Here’s a re-post of a story that Travis did in March 2010 on now AWOL Chief Sellers. It seems that Sellers was pretty good at slingin’ the ol’community policing lingo and didn’t seem like the sort of guy that would cultivate a corrupt, out of control goon squad.
What neither Travis nor any of us knew was that Sellers was doing very little to impress this philosophy onto the crew of thugs, misfits, whackjobs, and pickpockets he inherited from Pat McPension. Unfortunately for us, Chief McPension had cultivated quite a nasty little garden over his 17 year command.
But let’s not shed any misplaced tears for Sellers.

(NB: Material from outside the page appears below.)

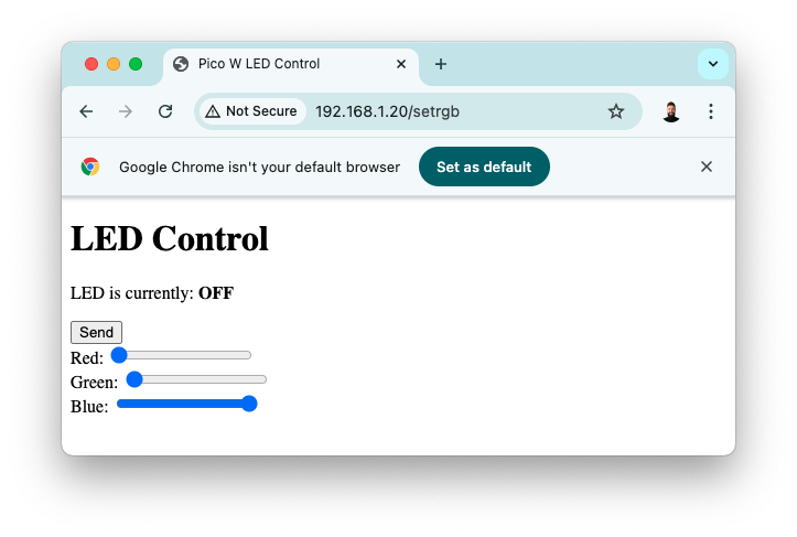 In this post, we will see how to set up a basic HTTP server to control RGB stripes through a simple user interface. It is strongly recommended to see the preceding post before proceeding.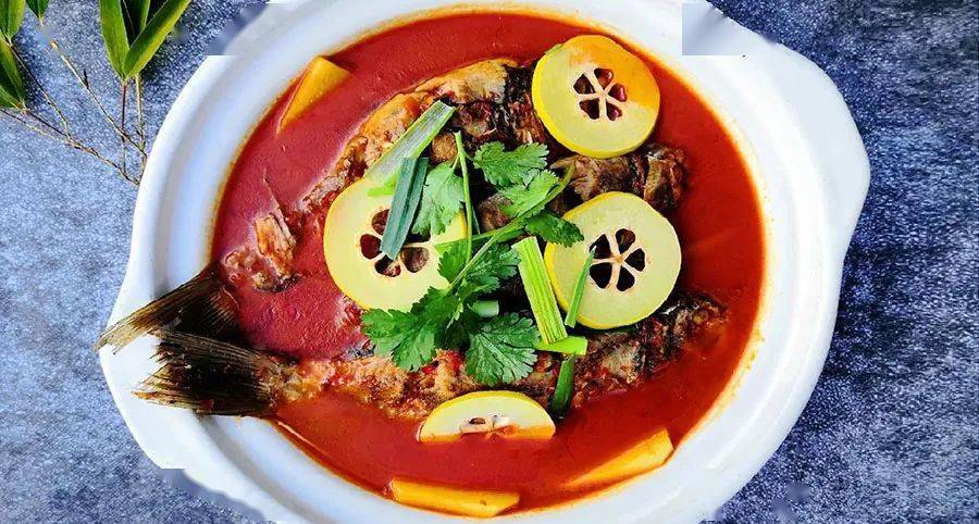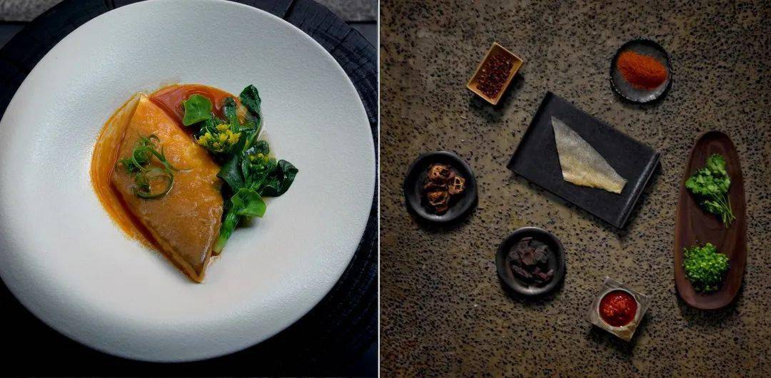 侯杰鑫师傅制作的滇·大理酸木瓜煨罗非鱼,灵感也是来大理白族传统菜肴酸木瓜煮鱼,新思路是去掉其中引发燥热的花椒、胡椒和姜,改用青柠水去腥,熬制底汤的酸木瓜需除去果皮和籽,避免整锅底汤涩口,使鱼的肉质变老。春季到来,酸木瓜煨鱼口感鲜嫩,酸辣爽口,可以起到解乏开胃,去除体内燥热火气的功效。

Even tho’ McPension left him a considerable criminal element, he appears to have done nothing to weed out the noxious blooms in the FPD flower bed during his abortive, two-year stint as Chief.
– Joe Sipowicz
Last week Sharon Quirk-Silva invited me to join her public chat with Fullerton Police Chief Michael Sellers at the Fullerton Museum Center. Chief Sellers answered a variety of questions from Fullerton’s usual cluster of civic participants. Some were there to ask legitimate questions, while others used the open Q&A format to primarily talk about themselves under the guise of asking a question (the excessive use of the perpendicular pronoun reveals the intentions of the self-important).
The most vacuous question of the night came from school board candidate Aaruni Thakur, who was interested in the number of Baker to Vegas trophies displayed in the lobby of the police department. While some of us at FFFF would never question the opportunity to make a mockery of the ‘ol dog and pony show, it struck me as a missed opportunity for the untested school board candidate who should have been impressing us with his civic insight.
So on to Chief Sellers. He gave most of the answers that one would expect, citing crime statistics elaborating on existing department policies. Nothing surprising or terribly revealing.
But here’s what struck me: I listened to the Chief of Police for an hour and a half, and not once did I catch a hint of the authoritarianism that tends to seep out of career law enforcement bureaucrats. He never implied that he “knew what’s best for the people”. His responses to controversial questions on marijuana dispensaries and homeless disturbances were telling – Sellers said he can only enforce the laws that the People enact, regardless of his personal feelings on the issues.
Sellers came across as genuinely amiable to policing methods that seek to reduce crime through community interaction, rather than relying purely on brute-force suppression and mindless “law and order” approaches that alienate law enforcement agencies from the people whom they are supposed to serve. Officers are encouraged to build relationships and find long-term solutions to crime problems, rather than just cycle junkies and gang bangers through our failing prison system.
I left feeling surprisingly satisfied with the police chief appointment that our city council made last year. Hopefully Sellers turns out to be “tough on crime” without being tough on the rest of us.